10) When you called your favorite restaurant for reservations they said they were booked for the decade, offering to pencil you in for early 2032 with the provision you call a year in advance in case things change.

9 Every time you schedule an Uber the driver does that "wait for you to reach for the car door handle and pull away" trick... Every single time.

8) When seeking finance at your local bank they referred you to a loan shark. A low-level one at that.

7) Back in the day a quick call would get you third row center to a Stones concert. Now it's multiple phone messages, texts and emails just to land nose bleed seats for a Herb Alpert & the Tijuana Brass cover band.

6) Lately the pizza delivery guy won't budge, forcing you to come to him.

5) You remember the other day when you pulled some strings and got all your friends into that trendy, exclusive club?... Yeah, didn't think so.

4) You had to jump through hoops during your last jury duty just to get on the panel of an upcoming case.

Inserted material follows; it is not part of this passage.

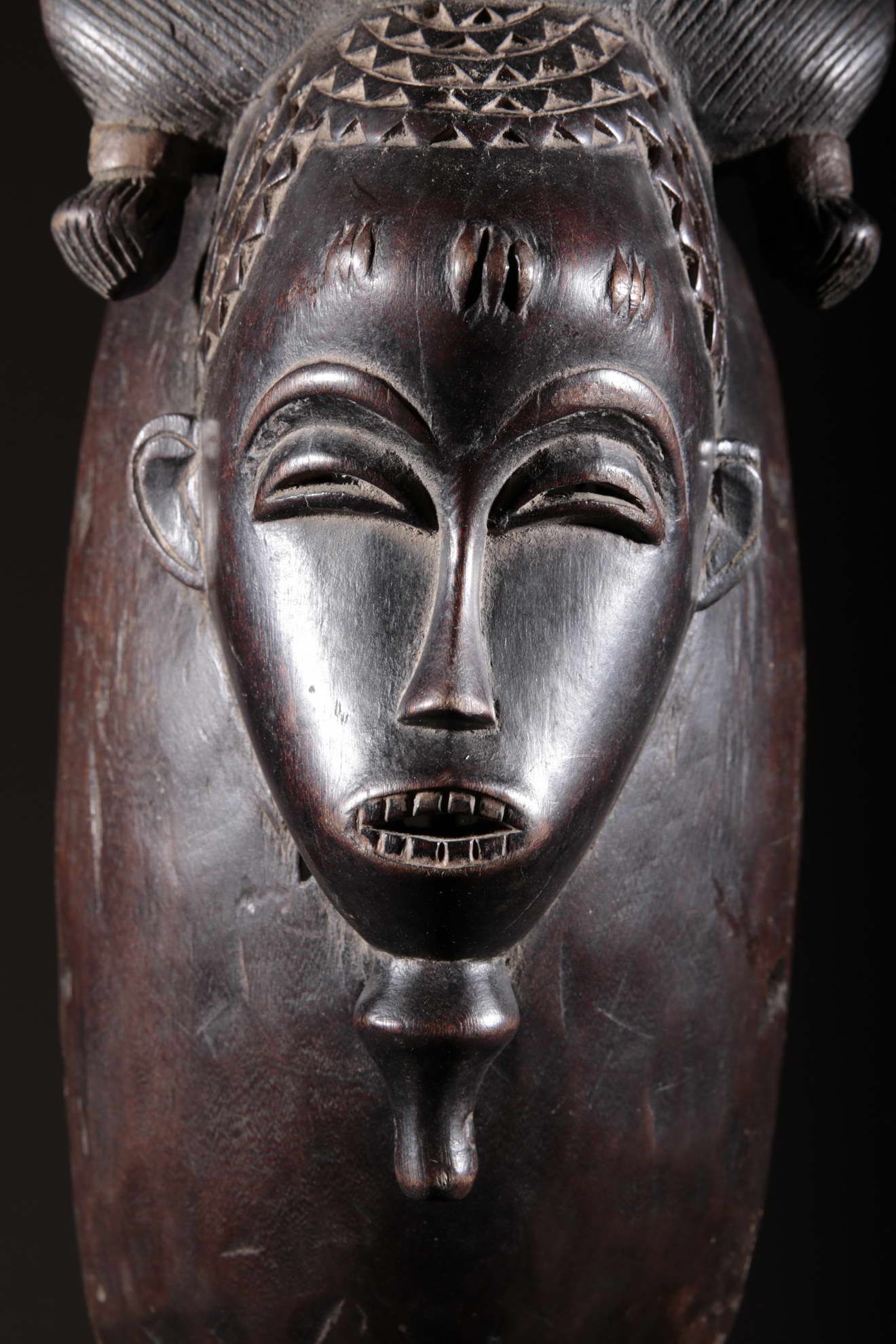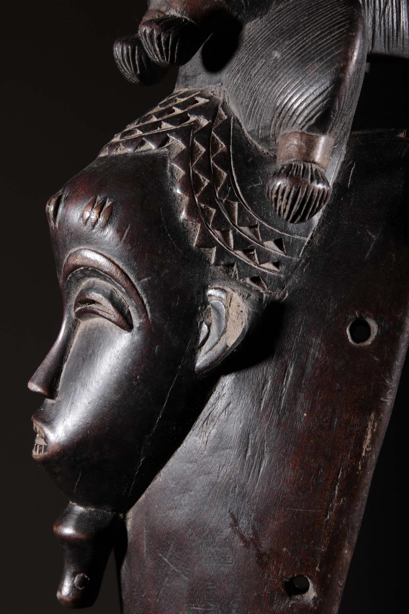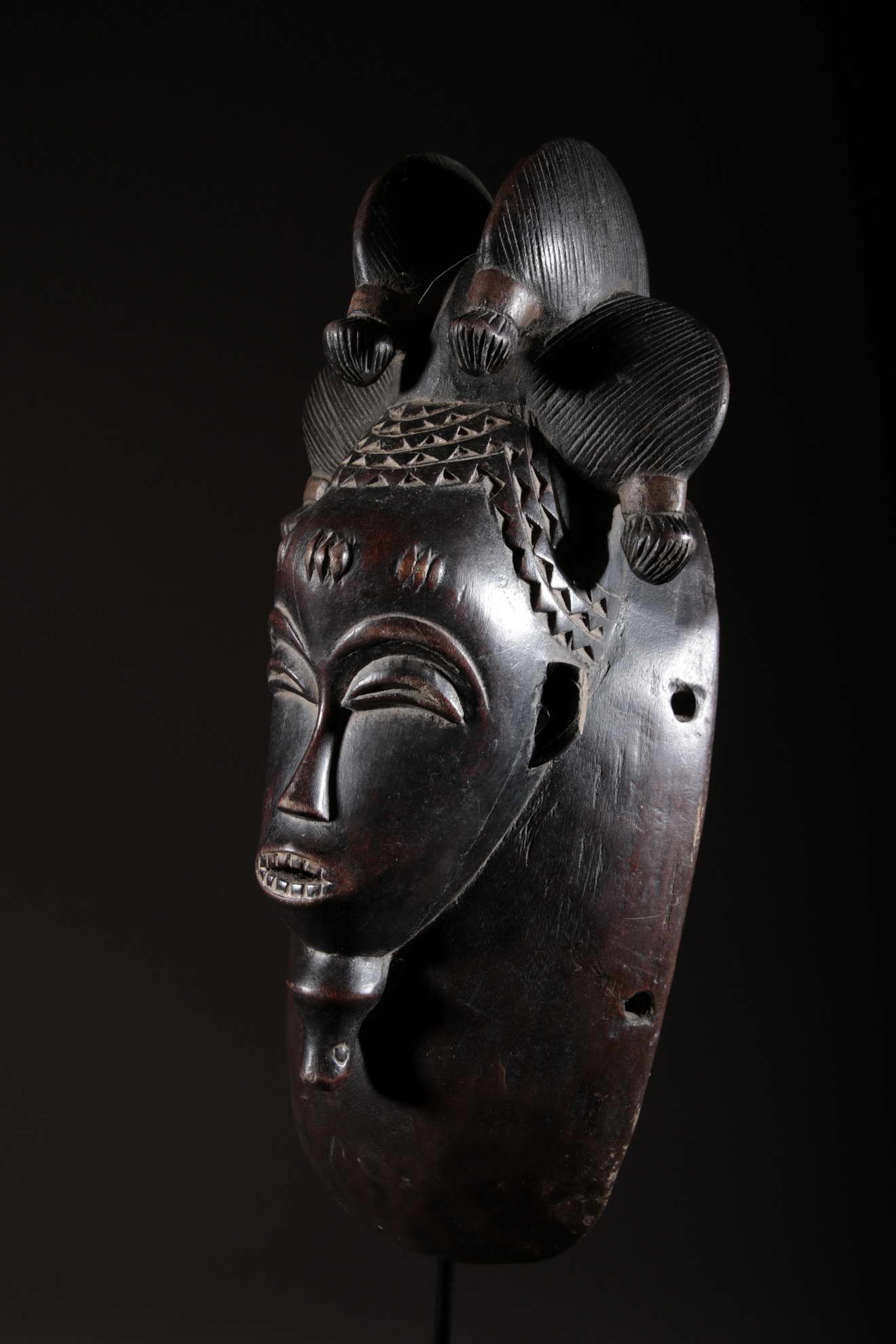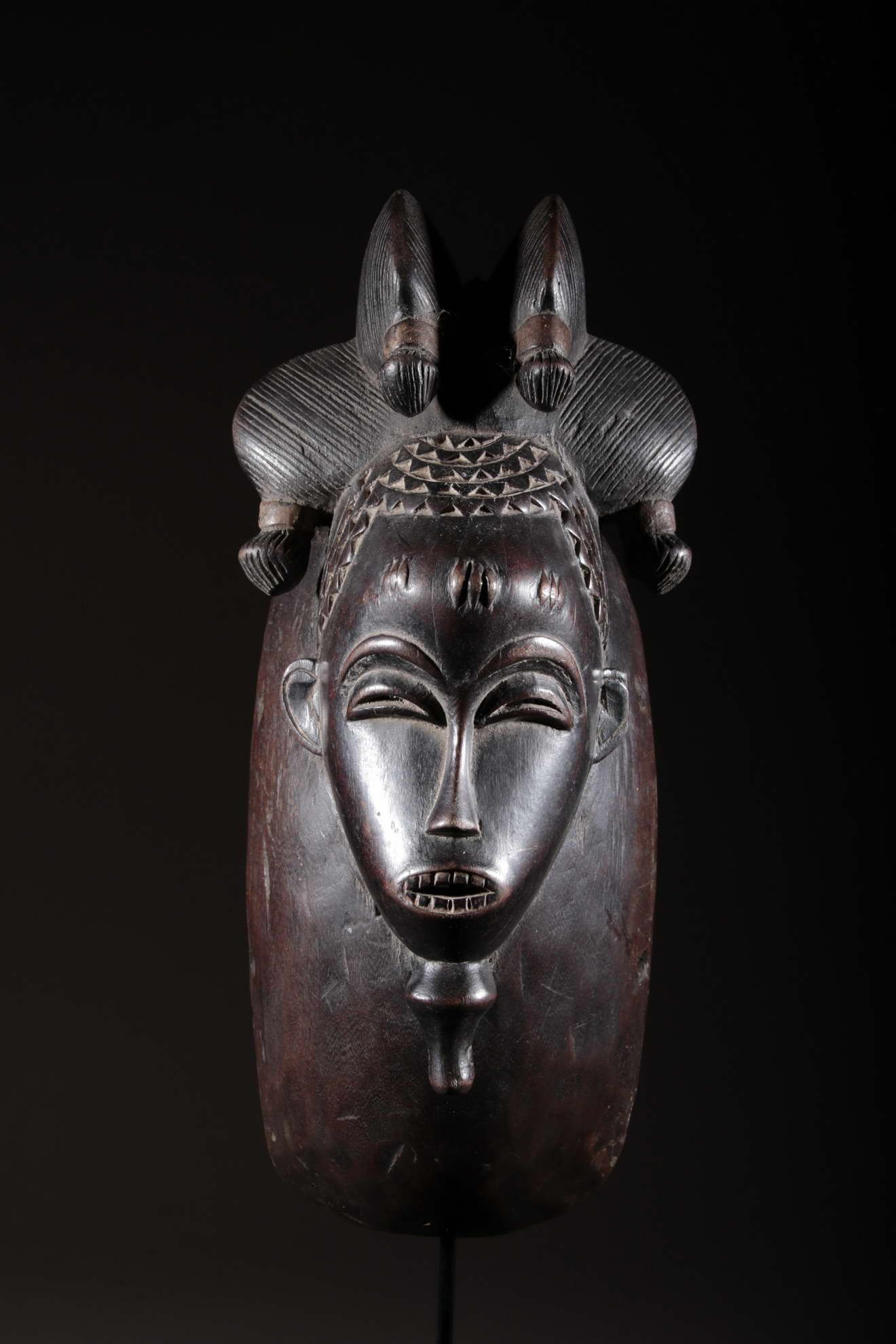 Les Baoulé possèdent des masques, sans doute, sous l’influence de leurs voisins Gouro ou Sénoufo. Il existe des masques Baoulé d’ancêtres mais qui maintenant ont un rôle laïc et apparaissent lors de danses de divertissements. Ces portraits possèdent les mêmes caractéristiques que la statuaire : élégants, sculptés finement et polis. Ils montrent une grande diversité régionale dans les coiffures et les tatouages. . Le masque Baoulé double représente le mariage du soleil et de la lune ou des jumeaux dont la naissance est toujours un bon signe.

And then only as an alternate.

3) Looking for good seats at a Vegas showroom, you duked the host a fifty. He sat you in the cloakroom, gave you a quick rundown on the proper care of garments, a pamphlet on how to greet patrons and the warning to keep your restroom breaks to a minimum.

2) People used to ask you if you could help them out when they were in a tough jam. Now they're just willing to take the hit.

And the number one tip off that you don't have as much pull as you thought:

1) You recently lost a tug-of-war against a ninety pound weakling.